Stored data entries
************

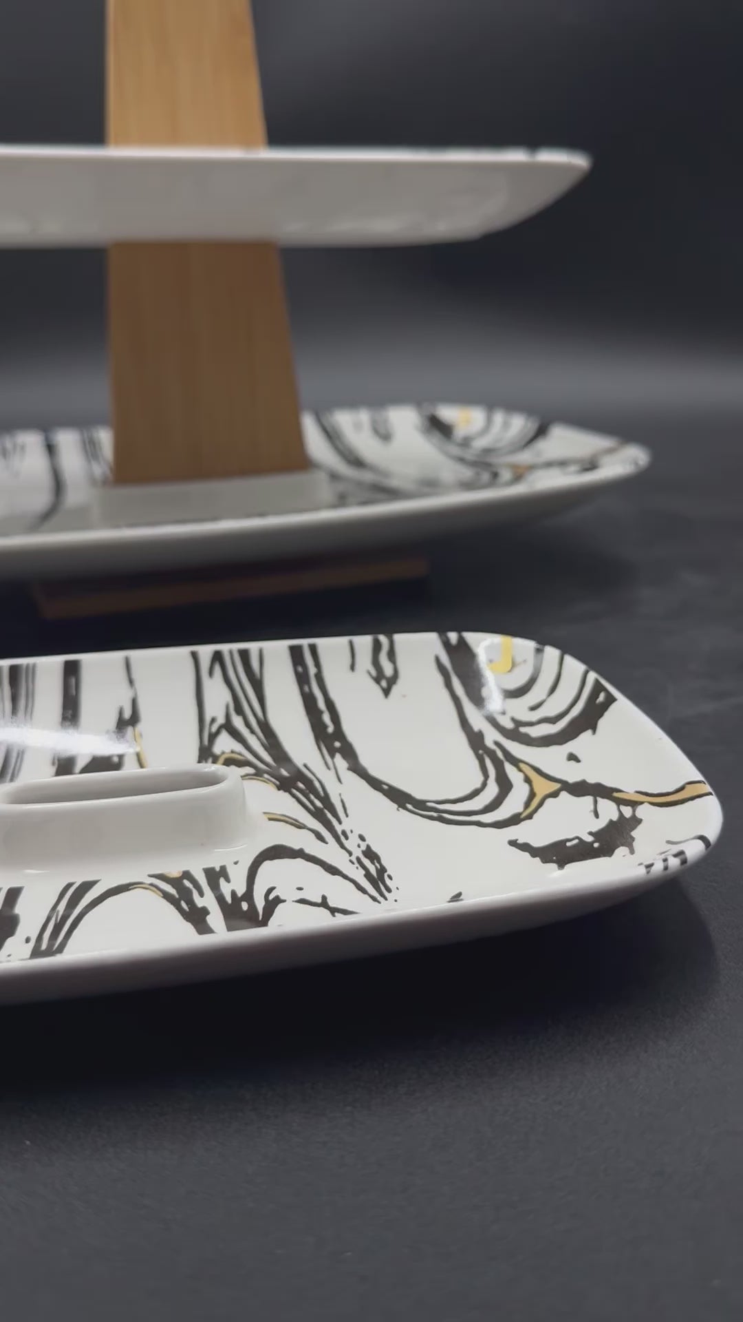 3 Tier Cake Stand features a sleek black and white abstract pattern with a modern and urban style 🎂✨
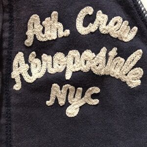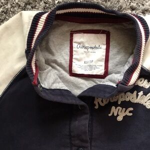 Aeropostale varsity jacket size XS. Well loved - it’s faded, but no rips or stains. Cozy for fall. Cute elbow patch tone on tone accent. Grey jersey lining.
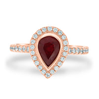 Designed With A Magnificent Pear Cut Ruby, The Excellent Craftsmanship Of This Ring Is Highlighted By The Shimmer Of The Round Cut Diamonds Around It. Designed With 14K Rose Gold, It Is The Perfect Jewelry For Any Occasion.
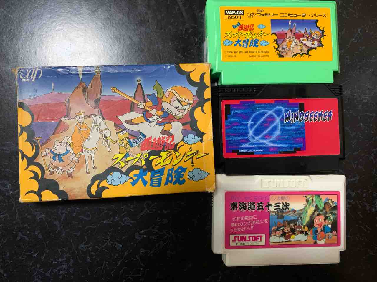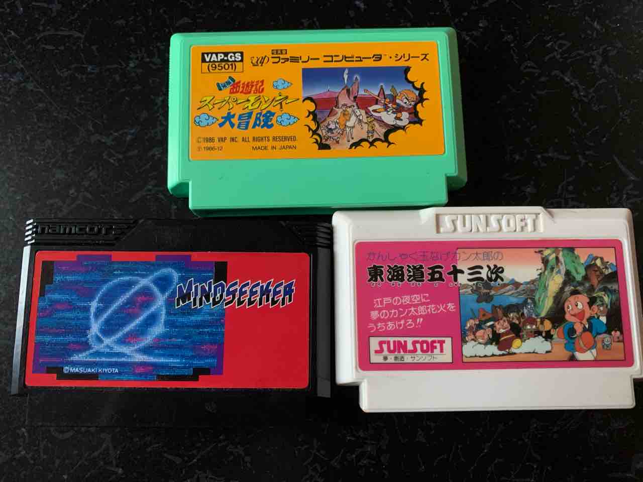 ここに3本のレトロクソゲーを用意しました。『元祖西遊記スーパーモンキー大冒険』『マインドシーカー』『かんしゃく玉投げカン太郎の東海道五十三次』です
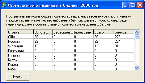 Сначала для каждой страны программа вычисляет общее количество медалей и соответствующее количество очков. Затем, используя метод простого выбора, программа выполняет сортировку таблицы по убыванию количества набранных очков. Во время сортировки для обмена строк таблицы используется строковый массив buf, индекс которого, как и индекс столбца таблицы, меняется от нуля до пяти (см. инструкцию объявления массива в тексте программы). Такой прием позволяет наиболее просто выполнить копирование замещаемой строки в буфер и замещение строки содержимым буфера.
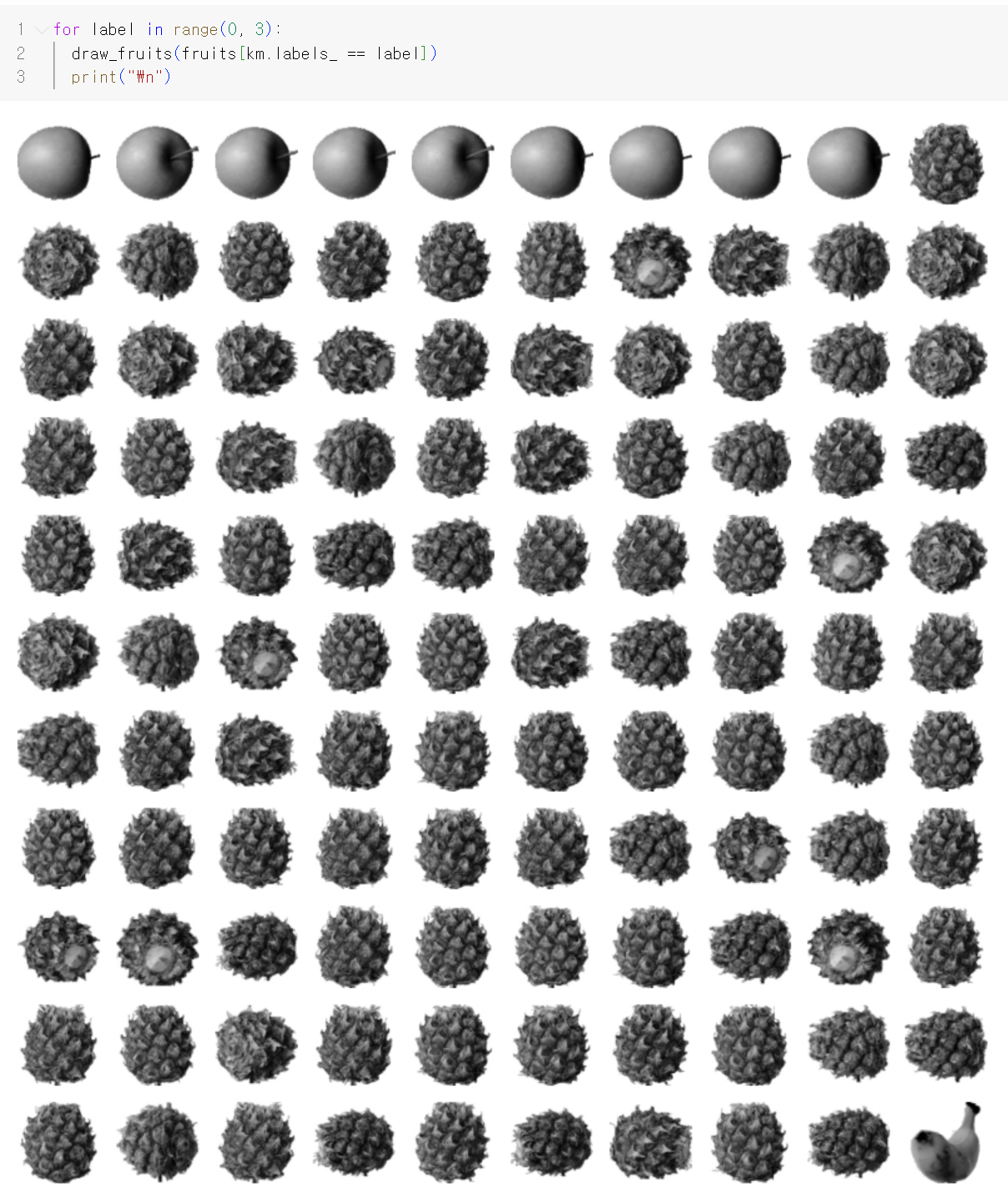 draw_fruits(fruits[km.labels_ == label])

************

Requirement
Please return the lines from the line with "Designed With A" through the last line of the data, both included, exactly, and without pictures.

Written reply
 Designed With A Magnificent Pear Cut Ruby, The Excellent Craftsmanship Of This Ring Is Highlighted By The Shimmer Of The Round Cut Diamonds Around It. Designed With 14K Rose Gold, It Is The Perfect Jewelry For Any Occasion.
 ここに3本のレトロクソゲーを用意しました。『元祖西遊記スーパーモンキー大冒険』『マインドシーカー』『かんしゃく玉投げカン太郎の東海道五十三次』です
 Сначала для каждой страны программа вычисляет общее количество медалей и соответствующее количество очков. Затем, используя метод простого выбора, программа выполняет сортировку таблицы по убыванию количества набранных очков. Во время сортировки для обмена строк таблицы используется строковый массив buf, индекс которого, как и индекс столбца таблицы, меняется от нуля до пяти (см. инструкцию объявления массива в тексте программы). Такой прием позволяет наиболее просто выполнить копирование замещаемой строки в буфер и замещение строки содержимым буфера.
 draw_fruits(fruits[km.labels_ == label])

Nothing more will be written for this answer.